Information shown >>
=== Section Start ===

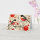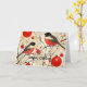 Carte de Noël personnalisable représentant deux rouges-gorges perchés sur des branches avec des ornements rouges pendus.
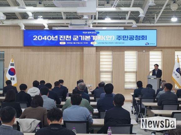 뉴스다 최광묵 기자 | 충북 진천군은 지속가능한 미래 발전 방향 모색과 주민의 목소리 청취를 위해 진천읍 복합커뮤니티센터에서 2040년 진천 군 기본계획(안) 공청회를 개최했다고 22일 밝혔다.
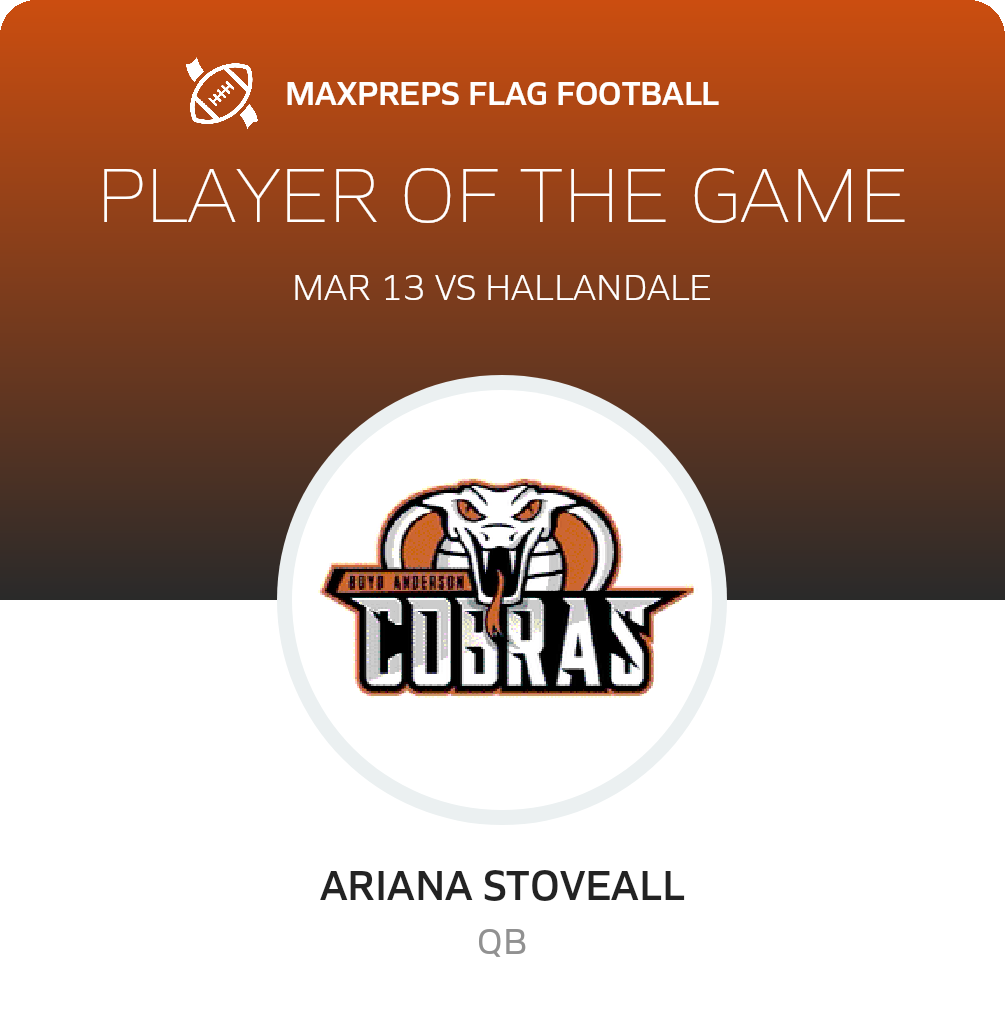 In Thursday's non-league game, the Boyd Anderson Cobras (Lauderdale Lakes, FL) flag football team triumphed over the visiting Hallandale Chargers (Hallandale, FL), by a tally of 36-0.
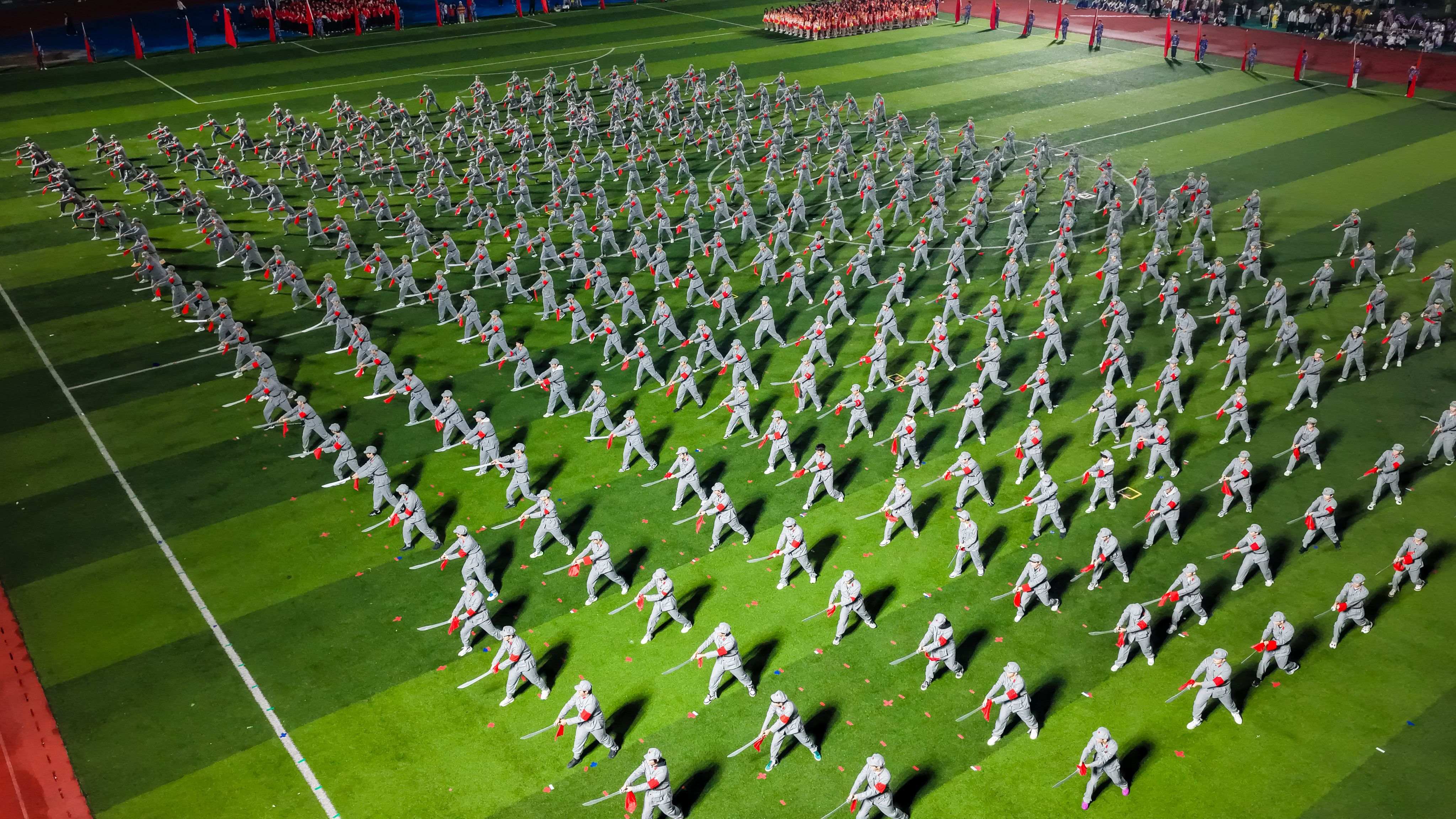 大合唱《复兴·颂》,师生们摆出“80”“1945-2025”字样,为纪念中国人民抗日战争暨世界反法西斯战争胜利80周年“写”下深情告白

=== Section End ===

Activity >> The reply must hold every line above exactly as written and none of the pictures.

Solution to the exercise >>
 Carte de Noël personnalisable représentant deux rouges-gorges perchés sur des branches avec des ornements rouges pendus.
 뉴스다 최광묵 기자 | 충북 진천군은 지속가능한 미래 발전 방향 모색과 주민의 목소리 청취를 위해 진천읍 복합커뮤니티센터에서 2040년 진천 군 기본계획(안) 공청회를 개최했다고 22일 밝혔다.
 In Thursday's non-league game, the Boyd Anderson Cobras (Lauderdale Lakes, FL) flag football team triumphed over the visiting Hallandale Chargers (Hallandale, FL), by a tally of 36-0.
 大合唱《复兴·颂》,师生们摆出“80”“1945-2025”字样,为纪念中国人民抗日战争暨世界反法西斯战争胜利80周年“写”下深情告白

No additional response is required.